Recent research suggests that a number of neuronal characteristics, traditionally believed to stem from the cell body or soma, may actually originate from processes in the dendrites. This discovery has significant implications for the study of degenerative diseases and for understanding the different states of brain activity during sleep and wakefulness.
The brain is an intricate network comprising billions of neurons. Each neuron’s cell body, or soma, engages in simultaneous communication with thousands of other neurons through its synapses. These synapses act as links, facilitating the exchange of information. Additionally, each neuron receives incoming signals through its dendritic trees, which are highly branched and extend for great lengths, resembling the structure of a complex and vast arboreal network.
For the last 75 years, a core hypothesis of neuroscience has been that the basic computational element of the brain is the neuronal soma, where the long and ramified dendritic trees are only cables that enable them to collect incoming signals from its thousands of connecting neurons. This long-lasting hypothesis has now been called into question.
New Research Findings
In an article just published in Physica A, researchers from Bar-Ilan University in Israel reveal that many dynamical features that are commonly attributed to the soma may stem from dendritic mechanisms.
“Typically, in-vitro experiments examine neurons using a fixed holding membrane potential, imitating the physiological conditions of intact brains in an awake state,” said Prof.
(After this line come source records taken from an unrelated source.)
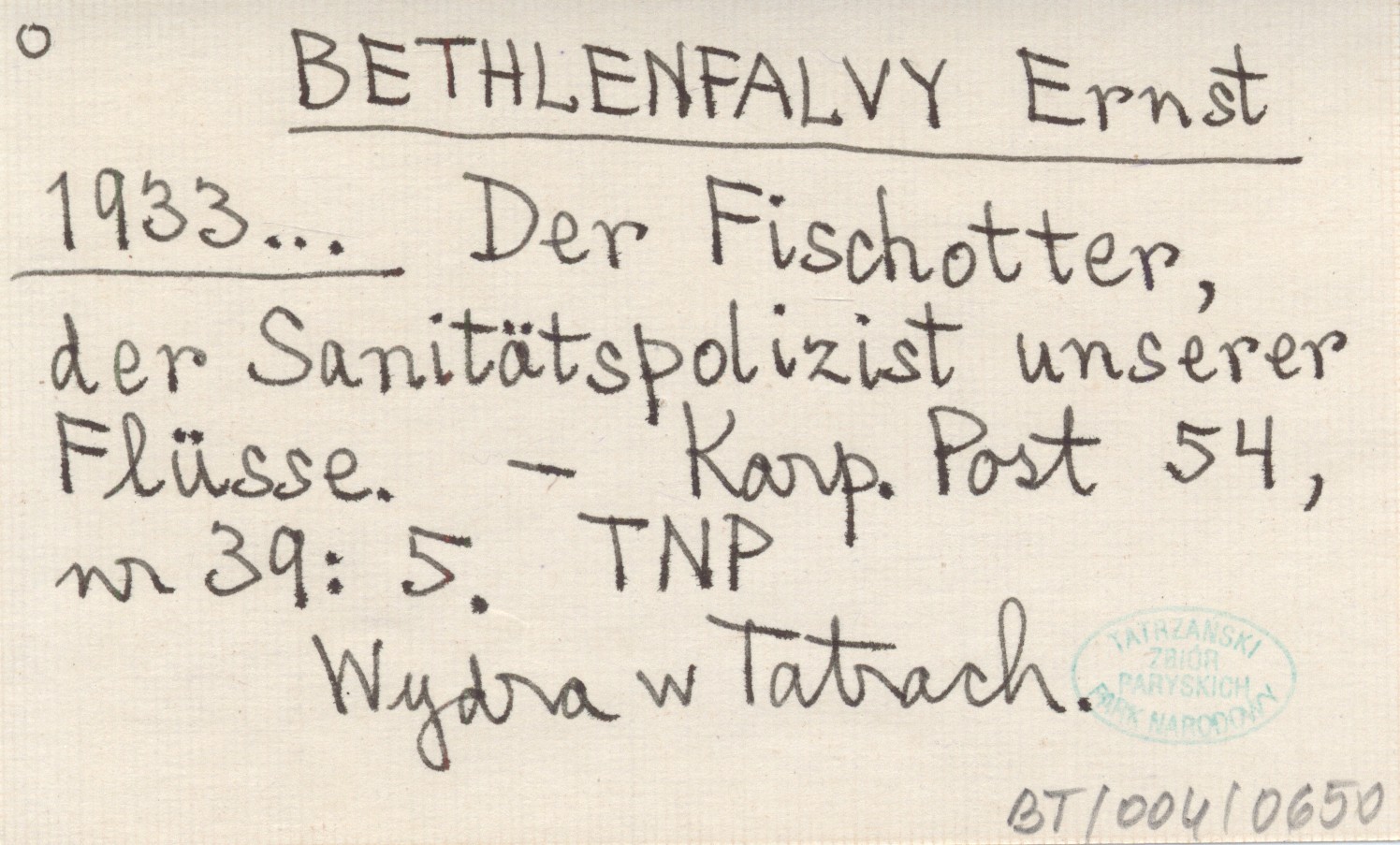 BETHLENFALVY Ernst 1933... Der Fischotter, der Sanitätspolizist unserer Flüsse.
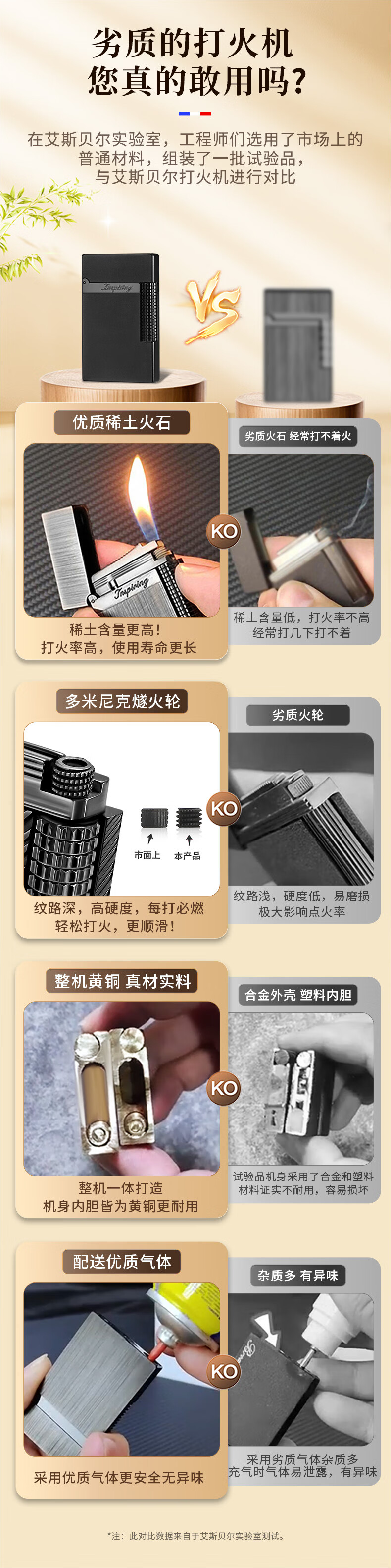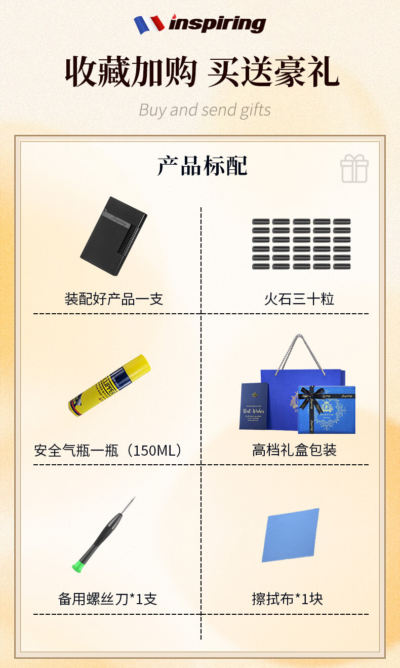 艾斯贝尔正品高端磨砂充气朗声打火机男士高级感定制送男生礼物实用成年人 备用火石 30个
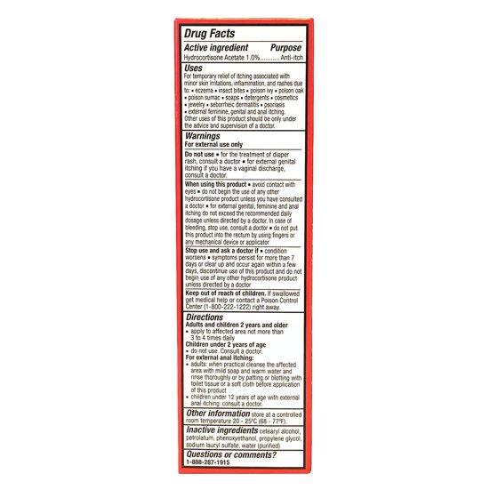 Active Ingredient: Hydrocortisone Acetate 1.0% (Anti-itch), Inactive Ingredients: cetearyl alcohol, petrolatum, phenoxyetllanol, propylene glycol, sodium lauryl sulfate, water (purified)
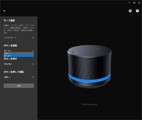 다른 하나는 "사용자 모드"에서 각 작업에 사용자가 수동으로 동작을 지정할 수있다. 그러나 미리 준비된 몇 가지 옵션 중에서 선택할만으로 자유도는 높지 않다. 예를 들어 회전 조작에 대해서는 "볼륨 +"또는 "이전 / 다음"중 하나를 누르은 "마이크를 음소거 / 음소거 해제" "스피커를 음소거 / 음소거 해제" "재생 / 정지"의 3 개 밖에 없다.
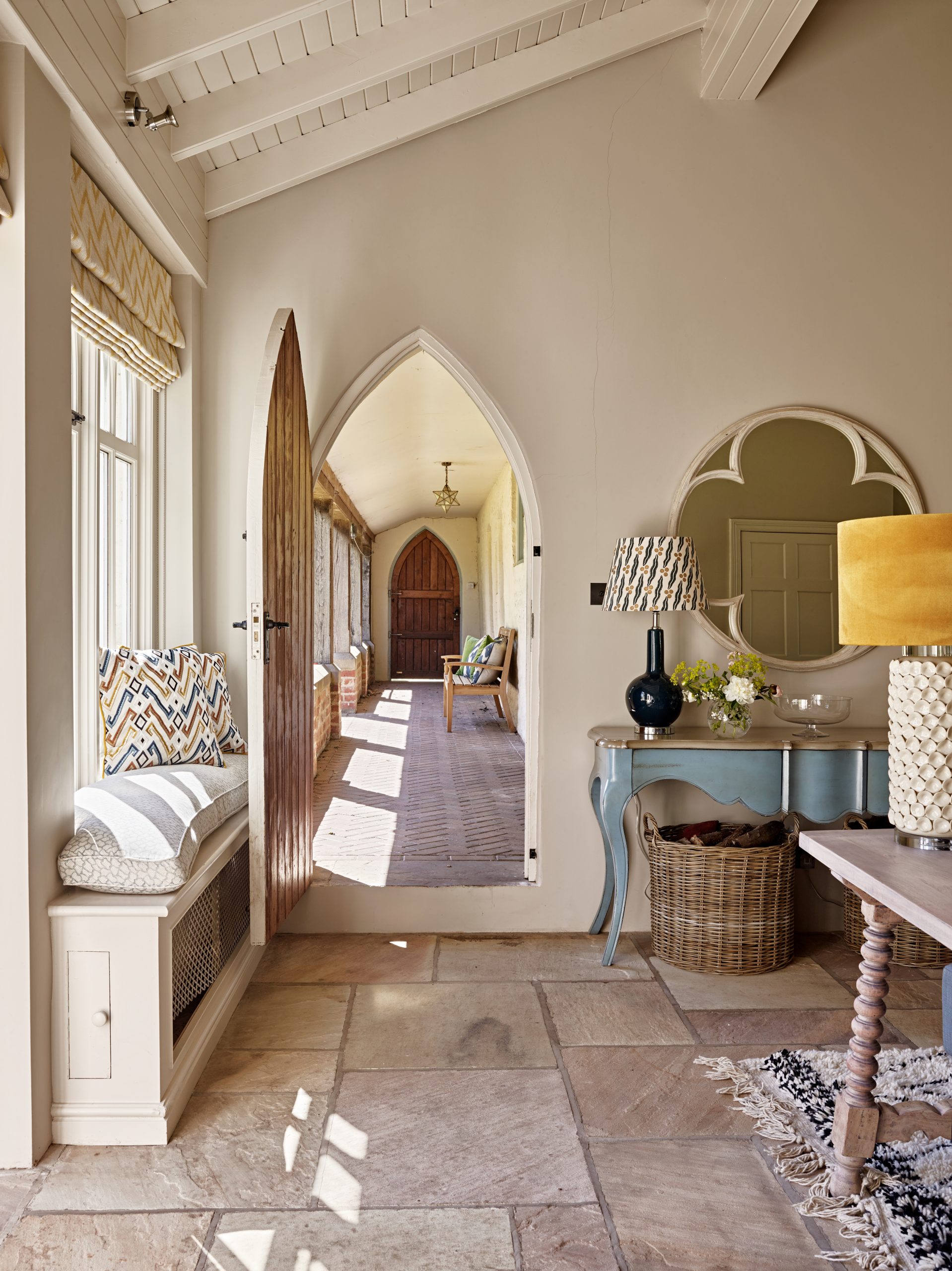 The Conservatory room leads out to the terrace with outdoor dining and seating and walled garden. This room also leads out through an arched door to a covered outside passage leading to the front of the house.

Ido Kanter, of Bar-Ilan’s Department of Physics and Gonda (Goldschmied) Multidisciplinary Brain Research Center, who led the research. “We went against conventional wisdom and performed new types of experiments, violating the physiological conditions of the brain. Results showed that neuronal features are independent of these physiological conditions, a finding which strongly pinpoints dendrites as the segments which control neuronal plasticity features, such as the neuronal firing frequency and the stimulation threshold of the neuron.”
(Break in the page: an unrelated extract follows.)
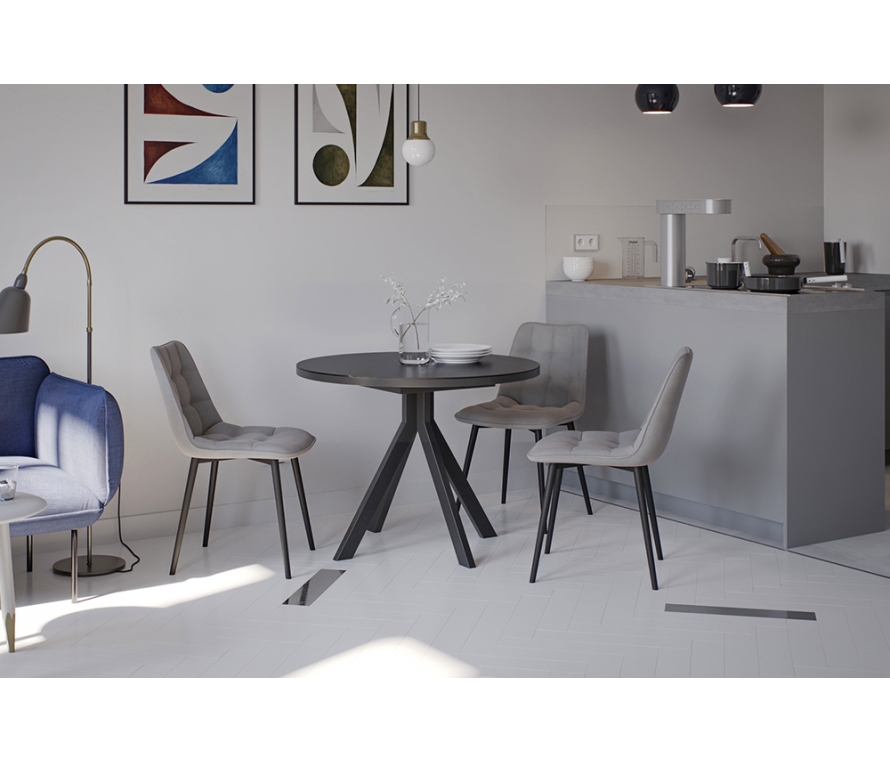 Обеденный стол OSAKA 100 NERO CER+ — идеальный баланс компактности и функциональности для современных интерьеров. Его лаконичный дизайн в стиле минимализма с круглой столешниц
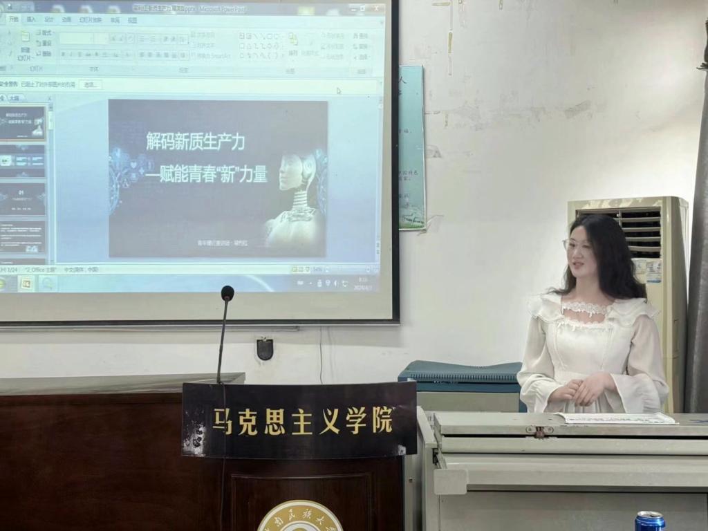 梁利紅圍繞政府工作報告中的熱點——新質生產力展開了宣講。她對新質生產力的發展歷史、內涵、定義、特征等進行了解讀,并將其與傳統生產力進行對比,生動闡述新質生產力的時代性與進步性。隨后,她從國家發展與個人生活兩個層面,對發展新質生產力的必要性與重要性進行了說明。梁利紅表示,國家應為新質生產力蓄勢賦能,從多方面入手;全社會多主體應共同努力,把握發展大趨勢;青年應不斷朝著高標準、高要求、高素質方向發展,為國家發展貢獻青春力量。

A paradigm shift in brain research: The new neuron and the new type of learning. Credit: Prof. Ido Kanter, Bar-Ilan University
Presented experimental evidence supports previous research by Kanter and his experimental research team — conducted by Dr. Roni Vardi — indicating efficient dendritic tree learning evidence for sub-dendritic adaptation using neuronal cultures, together with other anisotropic properties of neurons, like different spike waveforms, refractory periods and maximal transmission rates.
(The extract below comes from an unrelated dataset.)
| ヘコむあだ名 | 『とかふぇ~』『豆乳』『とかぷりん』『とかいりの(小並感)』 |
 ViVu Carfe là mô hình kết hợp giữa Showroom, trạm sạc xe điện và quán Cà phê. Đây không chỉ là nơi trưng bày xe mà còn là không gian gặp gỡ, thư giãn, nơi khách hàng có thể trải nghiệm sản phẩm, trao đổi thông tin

The new results call for a re-examination of the origin of degenerative diseases, since the origin of many neuronal functionalities are beyond the traditional framework and must be attributed to the dendrites instead of the soma. In addition, results question the origin of awake and sleep states of our brain which are commonly attributed to the level of the somatic membrane potential.
Reference: “Neuronal plasticity features are independent of neuronal holding membrane potential” by Roni Vardi, Yael Tugendhaft and Ido Kanter, 1 November 2023, Physica A: Statistical Mechanics and its Applications.